Indien niet alleen moet worden aangeknoopt bij de operationele zone waar de betrokkene voor zijn vertrek zijn werkelijke verblijfplaats had, moet dan in elk geval rekening worden gehouden met alle operationele zones van het mandaatgebied, zonder dat daarvoor aan nadere voorwaarden dient te zijn voldaan? Zo nee, moet alleen rekening worden gehouden met andere operationele zones voor zover de staatloze daarmee een wezenlijke (territoriale) band heeft? Vereist een dergelijke wezenlijke band dat de betrokkene er – ten tijde van zijn vertrek of op een vroeger tijdstip – zijn gewone verblijfplaats had? Moeten bij de beoordeling van het bestaan van een wezenlijke (territoriale) band verdere omstandigheden in aanmerking worden genomen? Zo ja, welke? Is het van belang of de staatloze op het tijdstip van vertrek uit het mandaatgebied van de UNRWA de mogelijkheid heeft zich naar de desbetreffende operationele zone te begeven en dit redelijkerwijs van hem kan worden verwacht?

Heeft een staatloze die uit het mandaatgebied van de UNRWA vertrekt omdat hij in de operationele zone waar hij zijn werkelijke verblijfplaats heeft in een zeer precaire persoonlijke situatie verkeert, en de UNRWA niet in staat is hem daar bescherming of bijstand te verlenen, ook van rechtswege recht op de voorzieningen uit hoofde van richtlijn 2011/95/EU in de zin van artikel 12, lid 1, onder a), tweede volzin, van die richtlijn wanneer hij zich vóór zijn vertrek naar deze operationele zone heeft begeven zonder dat hij in de operationele zone waar hij zijn vorige verblijfplaats had in een zeer precaire persoonlijke situatie verkeerde en zonder dat hij er, gezien de omstandigheden ten tijde van zijn verplaatsing, op kon rekenen dat de UNRWA hem in de operationele zone waarnaartoe hij zich begaf, bescherming of bijstand zou verlenen of dat hij binnen afzienbare tijd zou kunnen terugkeren naar de operationele zone waar hij tot dan toe verbleef?
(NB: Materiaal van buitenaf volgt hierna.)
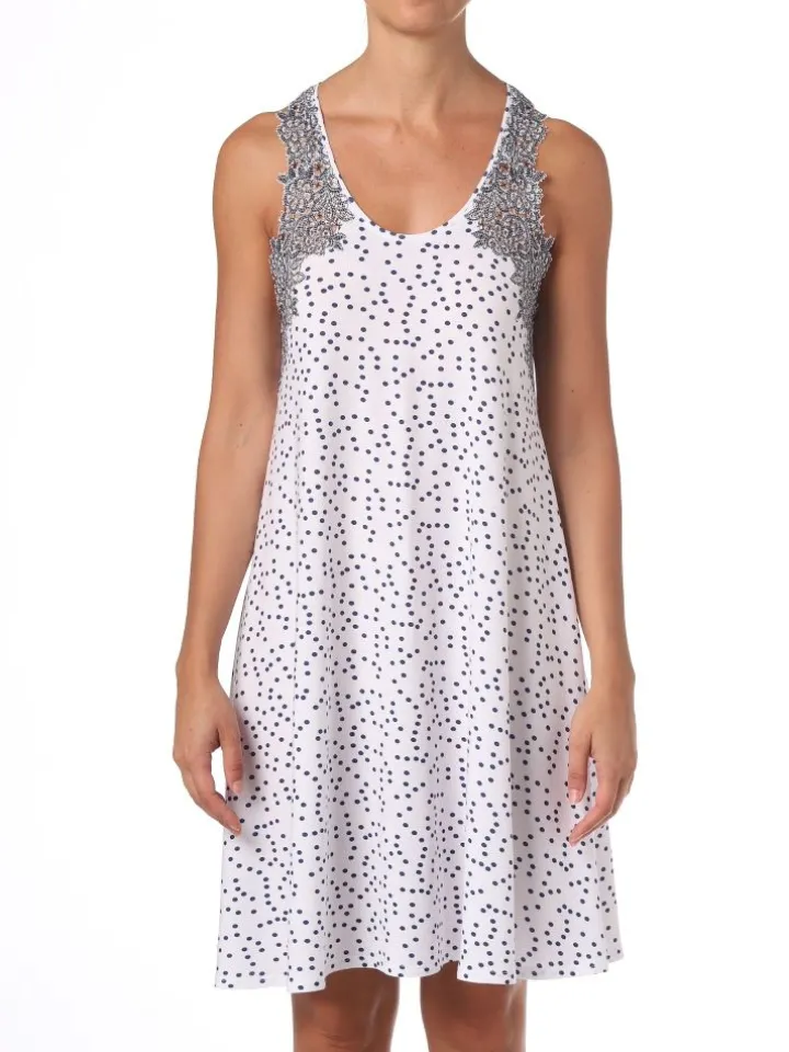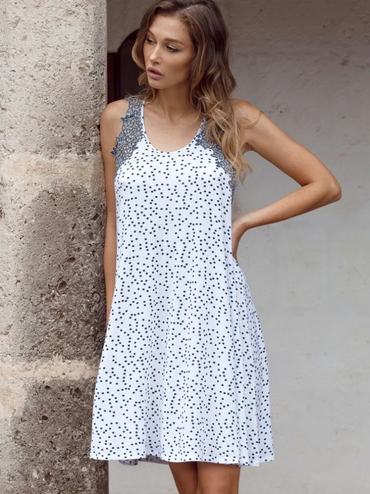 Das Nachthemd Cecilia hat breite Träger (nicht verstellbar). Das Grundmaterial ist allover mit fröhlichen, ovalen Punkten bedruckt und die Träger sind vorne mit einer bestickten Spitze benäht. Die Länge beträgt ca. 95 cm.

Moet bij de beoordeling of een staatloze is uitgesloten van de verlening van de vluchtelingenstatus van rechtswege op grond van het feit dat vanwege zijn vertrek uit het mandaatgebied van de UNRWA niet is voldaan aan de voorwaarden van artikel 12, lid 1, onder a), tweede volzin, van richtlijn 2011/95/EU, alleen worden aangeknoopt bij de operationele zone waar hij zijn laatste gewone verblijfplaats had? Zo nee, moet daarnaast op parallelle wijze rekening worden gehouden met de zones die in verband met de tweede vraag in aanmerking moeten worden genomen voor het tijdstip van vertrek? Aan de hand van welke criteria dient te worden bepaald met welke zones rekening moet worden gehouden op het tijdstip van de beslissing over het verzoek [om internationale bescherming]? Is het voor de niet-vervulling van de voorwaarden van artikel 12, lid 1, onder a), tweede volzin, van richtlijn 2011/95/EU vereist dat de overheids- of semi-overheidsinstanties in de desbetreffende operationele zone bereid zijn de staatloze over dan wel terug te nemen?

Ingeval de operationele zone waar de betrokkene zijn (laatste) gewone verblijfplaats had van belang is om te kunnen uitmaken of al dan niet is voldaan aan de voorwaarden van artikel 12, lid 1, onder a), tweede volzin, van richtlijn 2011/95/EU, aan de hand van welke criteria dient de gewone verblijfplaats dan te worden vastgesteld? Is hiervoor een rechtmatig verblijf met instemming van de lidstaat van verblijf vereist? Zo nee, is hiervoor ten minste vereist dat het verblijf van de betrokken staatloze door de bevoegde instanties in de operationele zone bewust wordt gedoogd? Indien dit laatste het geval is, moeten de bevoegde instanties dan concreet kennis hebben van de aanwezigheid van het staatloze individu of volstaat de omstandigheid dat de betrokkene behoort tot een bredere groep personen waarvan het verblijf bewust wordt gedoogd? Indien dat niet het geval is, volstaat dan reeds een langdurig werkelijk verblijf?

____________

1 Richtlijn 2011/95/EU van het Europees Parlement en de Raad van 13 december 2011 inzake normen voor de erkenning van onderdanen van derde landen of staatlozen als personen die internationale bescherming genieten, voor een uniforme status voor vluchtelingen of voor personen die in aanmerking komen voor subsidiaire bescherming, en voor de inhoud van de verleende bescherming (PB 2011, L 337, blz. 9).